No que dependesse das pessoas curiosas e ordinárias daquele lugar, Medusa tinha até marido. Não era Grandão, nem era o Homem da Cueca, mas o último tipo que compunha aquela memorável tropa: Binha Caranguejo. 

Fabiano era seu nome, e isso era sabido porque, ao contrário dos demais, a família de Binha Caranguejo era conhecida por lá. Tinha 36 anos, e era o irmão mais novo de Roberto, o Betobatuca, que tinha um grupo de pagode e tinha fama de ser um cara violento, especialmente com as mulheres. Todo mundo sabia que Binha tinha sido, há muitos anos, vítima da violência fraterna, e que fora provavelmente por causa dela que tinha caído nas ruas. Quando adolescente, Fabiano começou a fumar maconha, aqui e ali, escondido, até ir perdendo a vergonha. Ciente disso, Roberto, após uma briga doméstica bem feia com o irmão por outro motivo, fez da maconha o estopim pra uma atitude extrema, e um dia, enquanto Fabiano dormia, foi surpreendido com um banho de óleo fervendo em sua cama. Nada aconteceu com Roberto, que ainda era menor de idade. Alguns anos depois, começou a tocar em grupos de pagode locais, tocava bem, ganhou certa fama, e a história acabou sendo esquecida. Já Fabiano ficou desfigurado após o ataque e, sem suporte familiar, acabou de vez nas ruas, desenvolvendo esquizofrenia e virando, então, Binha Caranguejo. Alvo de escárnio constante, tanto quanto Medusa, para Binha havia até uma música, que quando cantada, o enfurecia: "Eu vou tacar uma pedra/ e vou chamar o Cacau/ meu nome é Binha Caranguejo/ E eu não sou normal". Carlos Bigflipo, o Cacau dos versos cruéis, era a única pessoa que intercedia por Binha, um skatista que dele se apiedava e defendia quando as gozações começavam. Por ele, a seu modo, Binha manifestava afeição. Outra encarnação, no entanto, encabulava Binha, justamente a que o colocava como par romântico de Medusa.
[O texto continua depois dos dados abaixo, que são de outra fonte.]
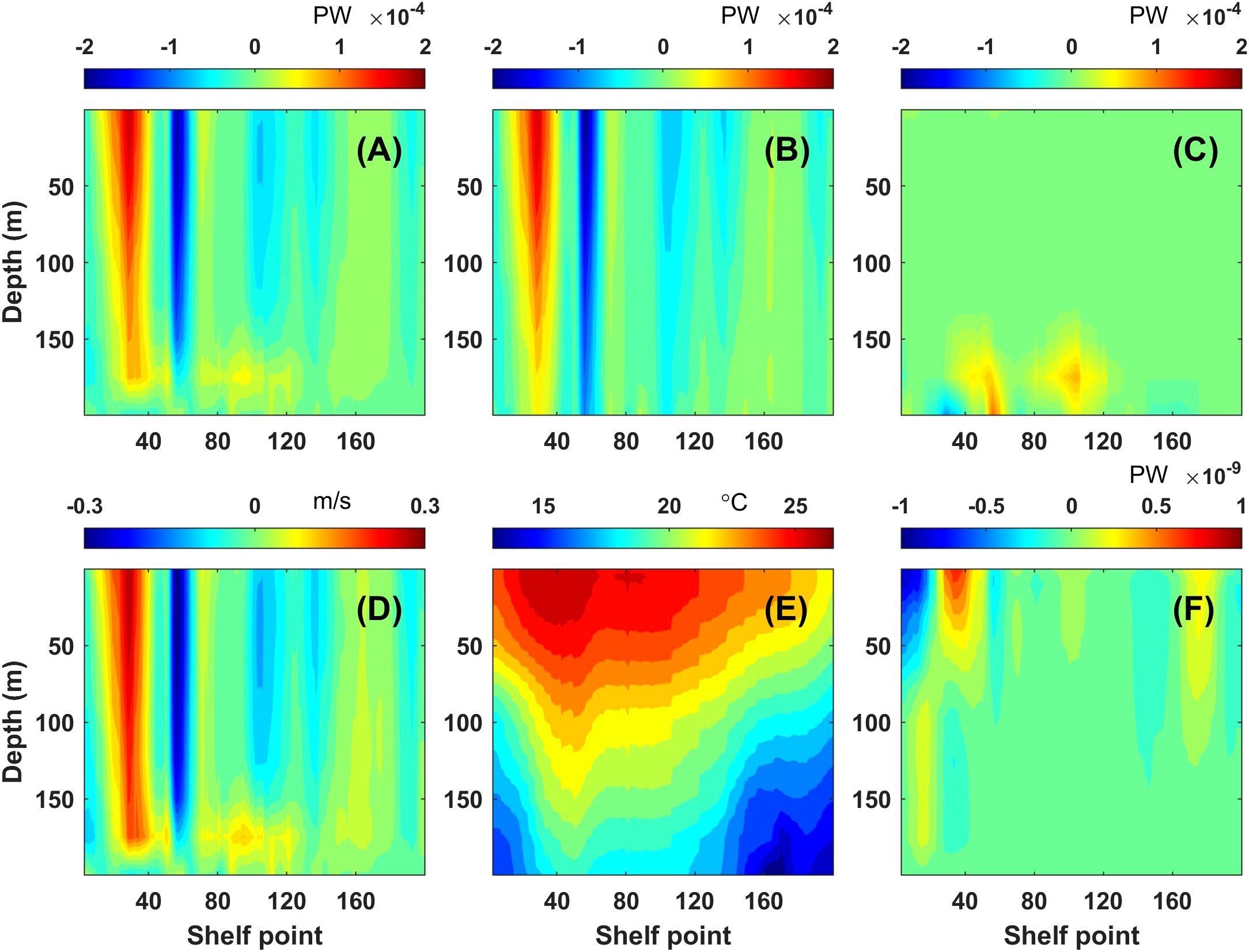 The multi-year averaged distribution of CSHT (Figure 5A) shows that the northeastern Taiwan shelf exhibits a significant upstream on-shelf/downstream off-shelf dipole structure, extending from the surface to the bottom; the central shelf presents a typical double-layer structure, shallow layer above 150 m mainly shows off-shelf heat transport, whereas deep layer below 150 m turns to on-shelf heat transport, but the overall intensity is significantly weaker than that in the northeastern Taiwan shelf; the structure in the southwestern Kyushu shelf is similar to that in the northeastern Taiwan shelf, but with much weaker heat transport. Spatially, the distribution of CSHT closely aligns with the cross-shelf current velocity (Figure 5D), which is mainly because the direction of CSHT is controlled by the current velocity, whereas temperature only affects its amplitude.

Sorrindo sem jeito e sem os dois dentes frontais, a impressão era de que ele identificava alguma espécie de elogio ali.

Binha morava em um barraco no fim da rua 8, atrás da igreja, que um dia, virou notícia do jornal do bairro por ter amanhecido incinerado com ele dentro. Todos os olhos se voltaram para Betobatuca, reacendendo o antigo desentendimento entre ele e o irmão, sendo logo desestimulados pelo fato do músico estar em turnê em outro estado com seu grupo de pagode. Betobatuca, aliás, só viria a saber do ocorrido com o irmão uma semana após o ocorrido, e segundo comentários, não manifestou reação alguma. Apesar de chamado para depor, novamente nada lhe aconteceria, voltando a viver sua vida normalmente e até aparecer em um programa de televisão. O fogo que consumiu o barraco gravou no muro uma sombra escura em indefinido formato de coisa ruim, e o crime contra aquela pobre criatura sucumbiria na memória popular não fosse uma pichação, feita com tinta branca, onde se lia "VIVA OS MALUCO", que apareceu por lá algum tempo depois.